Make sure you get VirtualBox up and running properly first.  Pay attention to the USB instructions.

Once VirtualBox is up and running properly,  then you can install Corel Draw.

That just leaves one last thing.  How to get access to your other Corel Draw files that you have.

This is discussed in the tutorial above, but it is a bit buried further down in the many pages of posts.  So I'll give my shortened version here.


So at this point in MY tutorial, I'm assuming:
1. You've installed VirtualBox (following the other tutorial)
2. You've installed a copy of Windows and gotten a VirtualBox with Windows to work in Ubuntu (following the other tutorial)
3. You've installed a copy of Corel Draw in that same copy of Windows and gotten it to work (if you have problems, I can't help you there.  There are lots of versions of Windows and lots of versions of Corel Draw.  I installed Corel Draw version 6 on Windows 2000 Pro and it worked flawlessly).

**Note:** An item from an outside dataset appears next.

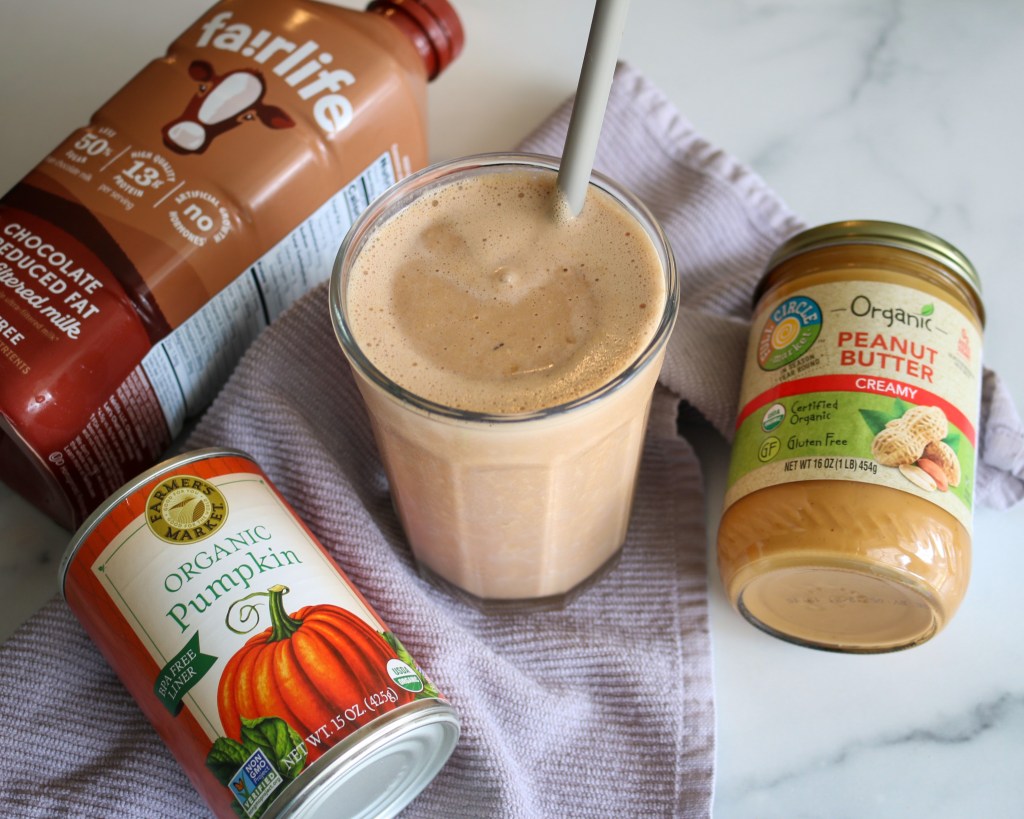 This is a “recipe” that I started making the other week as only a chocolate peanut butter shake, but then when I thought about posting it on here, I got the idea to add a little bit of pumpkin in for some added nutrients and fall flare! The pumpkin is subtle (you can always add more if you want more flavor), but I think it goes great with peanut butter and chocolate.

OK,  Now you have a working copy of Corel Draw inside of Ubuntu!  But now you need it to be *productive*.

4.  To be productive, you need to be able to copy and move files, right?  I mean, your operating system of choice is Ubuntu.  So we want to be able to get our Corel Draw files to move around in Ubuntu.  Unfortunately, that's where VirtualBox is a little bit complicated and where an extra tutorial might be helpful.

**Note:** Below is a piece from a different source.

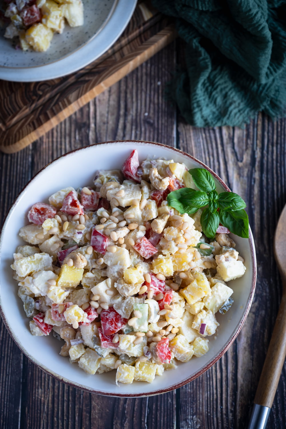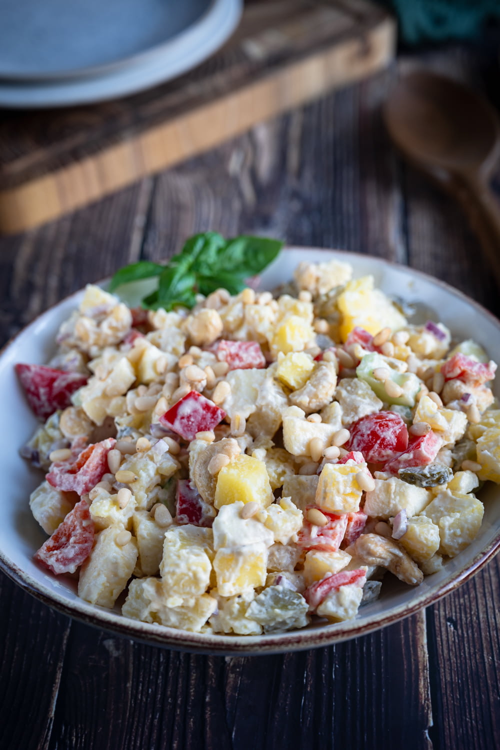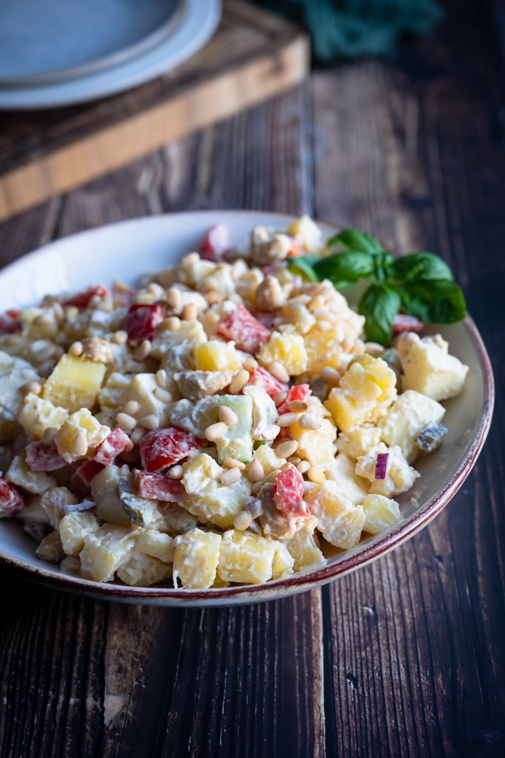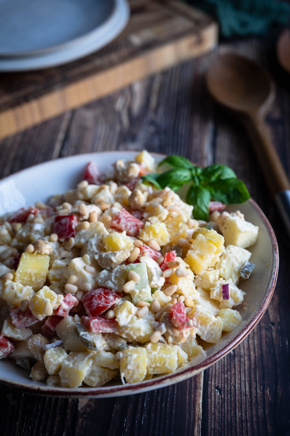 Czasem wystarczy kilka składników, by stworzyć coś naprawdę wyjątkowego. Ta sałatka ziemniaczana z jabłkiem i orzeszkami jest tego doskonałym przykładem. Jest prosta, ale z charakterem. Klasyczne ziemniaki łączą się tu z chrupiącym jabłkiem, papryką i dwoma rodzajami ogórków: świeżym i konserwowym. Całość uzupełniają orzeszki piniowe oraz nerkowce, które dodają sałatce ciekawej tekstury.

VirtualBox works in two ways.  It carves a protected memory space out of your RAM,  giving it to Virtual-Windows,   and it creates a file on your Ubuntu drive which “becomes” the C: drive for Virtual-Windows.

But here's the problem-- it's not really a hard drive.  It's just a trick.  It's just a file.  So when you're not running a VirtualBox, you can't get    ANY    files off of it!  So if you do any productive work in there, you would not want to store it on the virtual C: drive if you ever had a need to move those files anywhere.  Did you get that?  If you make any Corel Draw drawings, you don't want to save them and store them on the C: drive of the copy of Windows in your VirtualBox, because is VIRTUAL!!!!  It's not real.   The drawind are locked away in a file, and once you shut down Windows, you can't get to the drawings anymore from Ubuntu.

And furthermore, when you are running your VirtualBox,  this VirtualWindows C:-drive-file can't really "see" any other hard drives as a hard drive.

Now what VirtualBox CAN do is see SHARED folders on a Virtual-network.  So Ubuntu is a potential “network” drive where you can share folders with this Virtual-Windows environment.

Sorry for this long explanation, but this is important for understanding how this all works- and for understanding how to get the most out of all of it- and it's limitations.


So let me explain how I have my laptop set up as a real-world example.

I have four partitions.  The laptop came from the factory with Vista and a Vista Recovery partition.
I researched how to free up empty space on the Vista partition to cut it about in half.  I then used a Ubuntu 8.04 Live CD  with the stock partitioner to create a new partition in most of that space for my data formatted for NTSF (so Vista could see it).  In the remaining empty space I installed Ubuntu.

So not counting my Recovery partition (which I never use for day-to-day computing), I have three  partitions:

1. Ubuntu
2. Data
3. Vista

And now, I have a new “partition” that is virtual.  So let's add- 

4. Win2k VirtualBox on Ubuntu

Now, all my years of Corel Draw files are on the Data drive.   And my new working copy of Corel Draw is in the Win2K VirtualBox.   Now VirtualBox is going to let me designate some folders on my Ubuntu drives and list them as Shared.  So I need a plan.   So here's my strategies. 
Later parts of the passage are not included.